The character of Jobs evolves through the film from overconfident, emotional, and self-serving in his younger days to a more grounded, family-focused, and business-savvy adult, though some of the things we see Jobs do in the process are abhorrent and shocking, like kicking out his girlfriend after she reveals she’s pregnant and firing an employee on the spot in a storm of rage. There are more human moments as well, like his emotional breakdown after being removed from Apple’s leadership team, or having breakfast with his family in the days before NeXT was folded into Apple. Still, rather than empathize with Jobs, I felt more like an outsider, simply watching the film run down a extensive checklist of important biographical events.
The closest I felt to an emotional connection was when Wozniak (Josh Gad) explains to Jobs why he’s leaving Apple, although his monologue falls prey to the movie's consistent impulse to directly state character and plot developments that should be readily observable. After all, why show when you can show and tell?

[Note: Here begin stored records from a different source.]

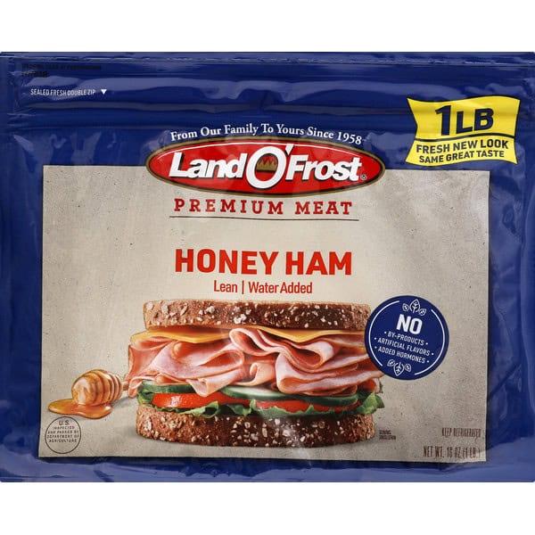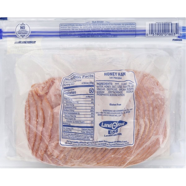 Gluten free. From our family to yours since 1958. Lean. Water added. 1 lb fresh new look same great taste. No by-products. Artificial flavors. Added hormones. Zip pak double-zip. Stay fresh pouch. Our Story: At land O’frost, we stay true the values and dreams of our founder, my grandfather Antoon Van Eekeren, by continually improving our brands and supporting your local community. We are longstanding supporters of 10,000 youth sports teams across America and the Juvenile diabetes research foundation. Family is No. 1 to us and we consider you – our customer – part of our extended family. – David Van Eekeren, President & CEO. Inspected for wholesomeness by US Department of Agriculture. LandOFrost.com. Facebook. Twitter. Instagram. LandOfFrost.com. Questions or comments? Call 1-800-762-9865 Mon-Fri 8:00 am to 4:30 pm, CST.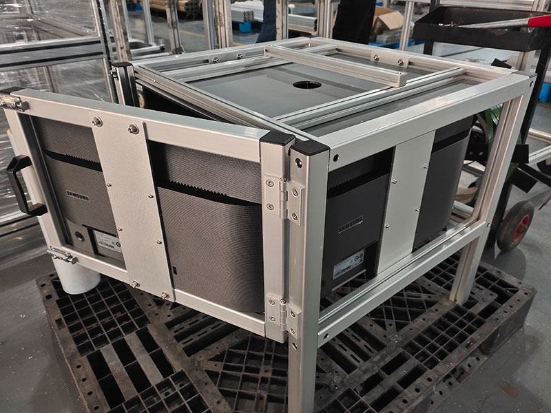 鋁型材框架制作的實(shí)驗(yàn)柜,四面安裝液晶顯示器,內(nèi)部放置實(shí)驗(yàn)動物,觀察動物在播放不同畫面時候的狀態(tài)。
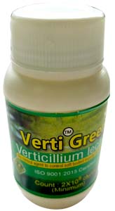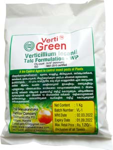 Verticillium can be used to control soft bodied pests causing damages in crops like tea, coffee, cardamom, clove, banana, grapes, citrus, vegetables, beetlevine, potato, floriculture crops, paddy etc. Verticillium is formulated as wettable powder or liquid formulation containing a minimum of 2 X 108 viable Verticillium spores per gram of carrier material. This fungi invades insects by penetrating their cuticle or skin and rapidly multiplies throughout the body causing death of insects caused by tissue destruction and effect of toxins. Even after the death of the insects this strain of fungi multiply on the dead insect. Thus pave way for establishing fungal population in the field and prevent further attack of the pests and the population of insect is maintained under control.

If you're looking for speedy overview of Apple history in a moderately entertaining two-hour package with some bonus '70s and '80s nostalgia, the film delivers. It isn’t an intellectual or particularly artistic film that addresses the how or why of the Apple co-founder's life, and it doesn’t leave you inspired (although it certainly tries). If that’s what you want out of a Steve Jobs biopic, perhaps you should wait for Aaron Sorkin’s take on Jobs to hit theaters in 2014. But if you don’t mind "Steve Jobs for Dummies," Jobs has got you covered.